**WHAT IS EXPECTED**.
Go through the listing below and repeat it exactly, dropping the pictures.
GIVEN INFORMATION: Begin
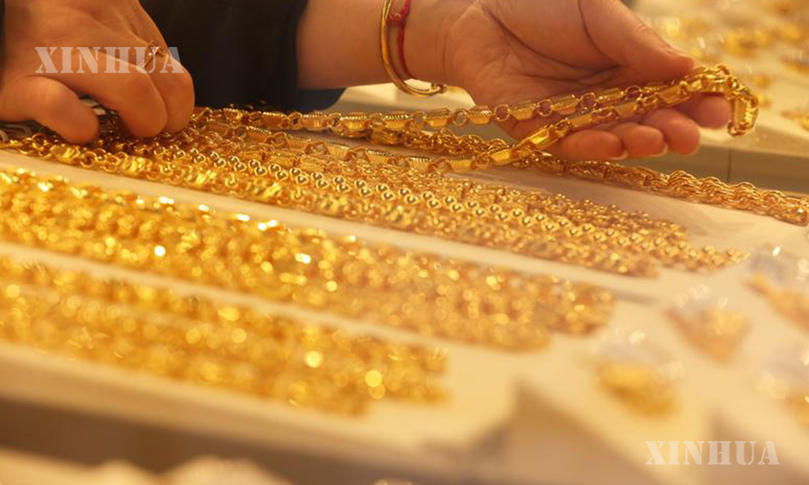 3. 1月29日,在浙江省湖州市德清县禹越镇的一家金店,店员在整理黄金首饰。新华社发(倪立芳摄)
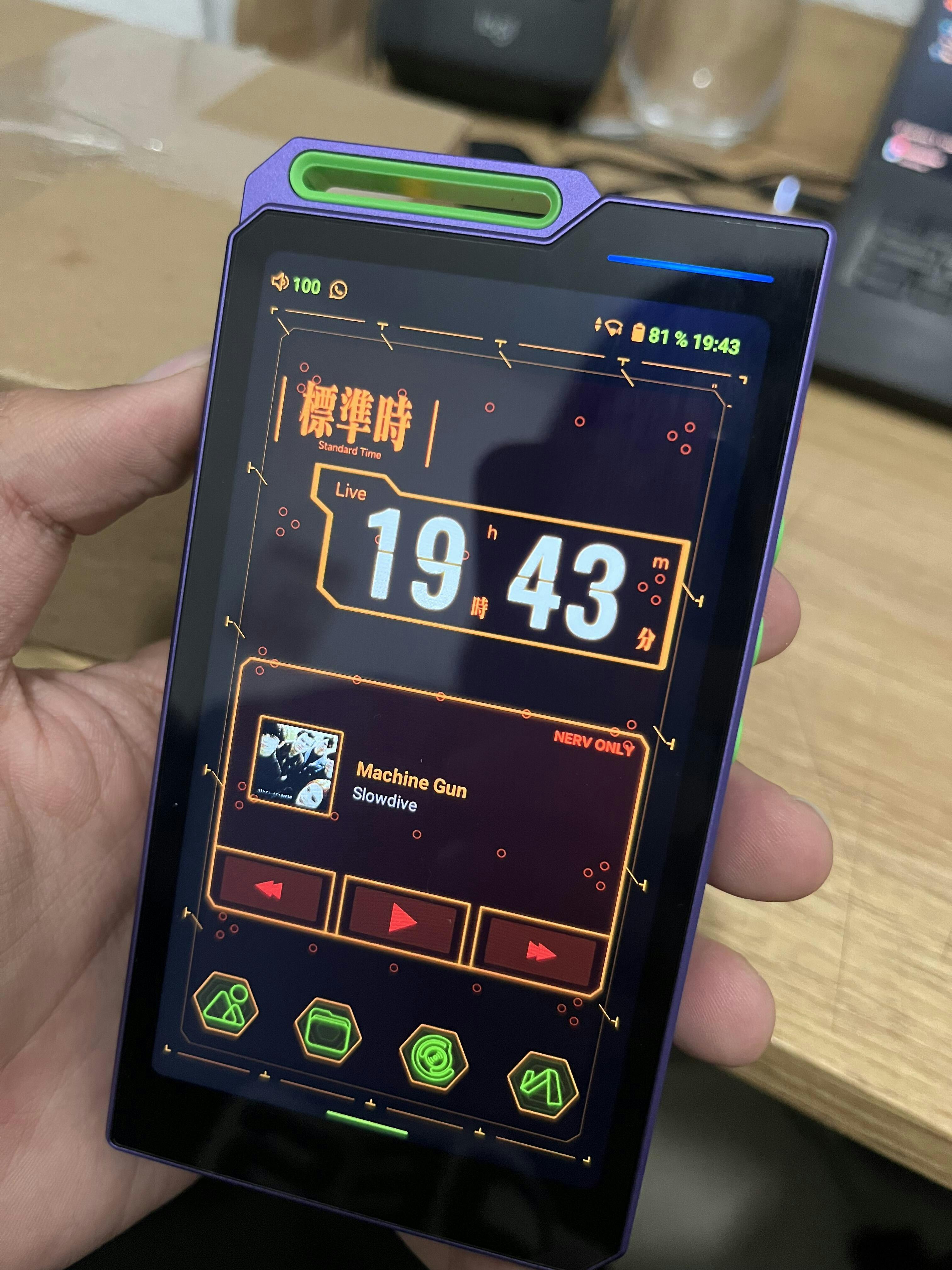 En este caso, la edición especial de Evangelion cuenta con los colores distintivos del Mecha de Batalla EVA-01, una interfase especial también de la mano de la saga de animé, una ecualización especial más poderosa y un gigabyte adicional de memoria RAM, también tiene el doble de capacidad interna (más la ya conocida bahía para tarjetas microSD de hasta 2TB) y un lanyard personalizado con logos de la serie.
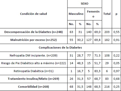 El colectivo femenino en sí, son un grupo desfavorecido.18 Si se observa este grupo en particular, se puede señalar que presenta un grupo etario con edades más avanzadas de vida, con bajos niveles de escolaridad, con una alta frecuencia de morbilidades asociadas, descompensación de la diabetes y malnutrición por exceso. Aunque en esta muestra hay menos varones que mujeres, al parecer llegan a las etapas más avanzadas de la vida en mejores condiciones.
GIVEN INFORMATION: End
**SOLVED PROBLEM**.
 3. 1月29日,在浙江省湖州市德清县禹越镇的一家金店,店员在整理黄金首饰。新华社发(倪立芳摄)
 En este caso, la edición especial de Evangelion cuenta con los colores distintivos del Mecha de Batalla EVA-01, una interfase especial también de la mano de la saga de animé, una ecualización especial más poderosa y un gigabyte adicional de memoria RAM, también tiene el doble de capacidad interna (más la ya conocida bahía para tarjetas microSD de hasta 2TB) y un lanyard personalizado con logos de la serie.
 El colectivo femenino en sí, son un grupo desfavorecido.18 Si se observa este grupo en particular, se puede señalar que presenta un grupo etario con edades más avanzadas de vida, con bajos niveles de escolaridad, con una alta frecuencia de morbilidades asociadas, descompensación de la diabetes y malnutrición por exceso. Aunque en esta muestra hay menos varones que mujeres, al parecer llegan a las etapas más avanzadas de la vida en mejores condiciones.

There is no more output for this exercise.